Thursday, June 16, 2011

SQL Rally Q & A Row Compression with Variable Legnth Unicode


This is another follow up on the Q & A’s that came about from SQL Rally, this question was asked by Jim Murphy (@SQLMurph | Blog).   This wasn’t so much of a question as it was a discussion during the presentation. 






I have Slide, see below, that lists the data types that can use Row Compression.  



Row Compression specifically takes all the empty space out of Fixed Length Data Types and stores them as efficiently as possible.  So in essence we take a fixed length field and treat it as if it has a variable size.

Jim very astutely pointed out that I had nvarchar listed as a Data Type that compresses even though it was not a Fixed Length Data Type and Jim wanted to know how Compression worked on an nvarchar Data Type.  To be perfectly honest I botched the answer.  But it led to a wonderful learning opportunity for me.

WHAT IN THE UNIVERSE IS UNI-CODE





The short answer is it is a Universal Character Set that allows for many non-English Characters and is governed by the International Standards ISO/IEC committee.  The Data Types in SQL Server that use Uni-Code are NCHAR & NVARCHAR and they use the UCS-2 character set.  UCS-2 allows exactly two bytes to represent each character.


So what in the wide wide world of sports does this have to do with Compression.  This means that when I declare an NCHAR with a 250 length that it is actually a 500 byte value.  When I type ‘Bradley Ball’ into an NVARCHAR data type instead of taking up 11 bytes of space it takes up 22.  So this encoding can utilize a lot of space that it will need when moving the data to the user, but not necessarily in Storage.


SQL 2008 R2 introduced Unicode Compression to SQL Server.  So to get back to the original question:

“Row Compression works by taking fixed length strings and Compressing out the unused white space from the record, NVARCH is a variable length string how does Row Compression work with a Variable Length Data Type?”


The short answer it strips out the unused extra encoding if there is any to strip out.  The long answer, TO THE DEMO MOBILE!

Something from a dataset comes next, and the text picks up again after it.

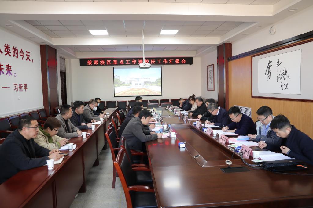 会议在绥师校区图书实验楼第三会议室召开。会上,校区党工委书记、管委会主任张雄从坚持党建领航,推动校区高质量发展;弘扬奋斗精神,提振教职员工精气神;坚持教学为本,提升人才培养质量;加强团队建设,提高科研成果水平;狠抓学风建设,深入推进三全育人;注重文化建设,营造优良办学环境;强化后勤保障,全力实现安全稳定等7个方面的26个点汇报了校区重点工作,从10个活动阐述了校庆方案。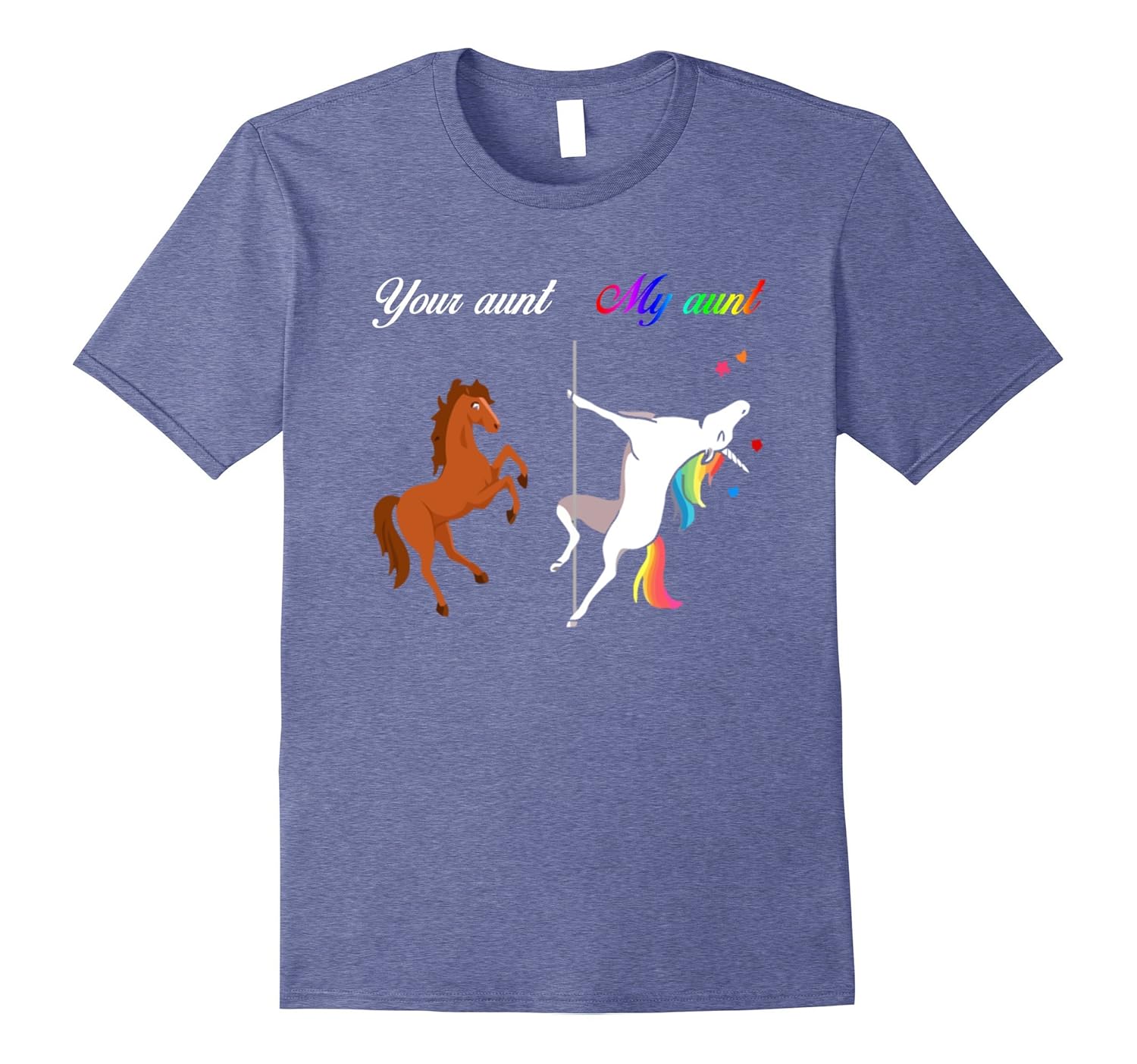 Solid colors: 100% Cotton; Heather Grey: 90% Cotton, 10% Polyester; All Other Heathers: 65% Cotton, 35% Polyester, Imported, Machine wash cold with like colors, dry low heat, Your Aunt My Aunt Unicorn T-Shirt, Lightweight, Classic fit, Double-needle sleeve and bottom hem

DUHNA DUHNA DUHNA DUHNA DEMO

Coolness is not Compressed for Batman

So Let’s start off by making our database.

USE master;
GO
IF EXISTS(SELECT name FROM sys.databases WHERE Name=N'demoCOMPRESSIONInternals')
     BEGIN
          DROP Database demoCOMPRESSIONInternals
     END
    
CREATE DATABASE demoCOMPRESSIONInternals
GO

USE demoCOMPRESSIONInternals
GO

Then we’ll create our table and populate it with a couple rows.

IF EXISTS(SELECT NAME FROM sys.tables WHERE name=N'myTable1')
BEGIN
     DROP TABLE dbo.myTable1
END

CREATE TABLE myTable1(
     myID INT IDENTITY(1,1)
     ,productName NCHAR(500) DEFAULT 'some product'
     ,productDescription NVARCHAR(1000) DEFAULT 'Product Description'
     ,PRIMARY KEY CLUSTERED(myID)     
) ; 

DECLARE @i INT
SET @i=0

WHILE (@i<5)
     BEGIN
          INSERT INTO dbo.myTable1(productName, productDescription)
          VALUES(
                   ('some product' + CAST((@i +1) AS VARCHAR(5)))
                   ,('Here is a Generic Product Description' + CAST((@i+2) AS VARCHAR(5)))
                   )
             

          SET @i = @i +1

     END

We’ll set on Trace flag 3604, and we’ll do a DBCC IND to get our page number, *Page Numbers will vary when you do this on your own.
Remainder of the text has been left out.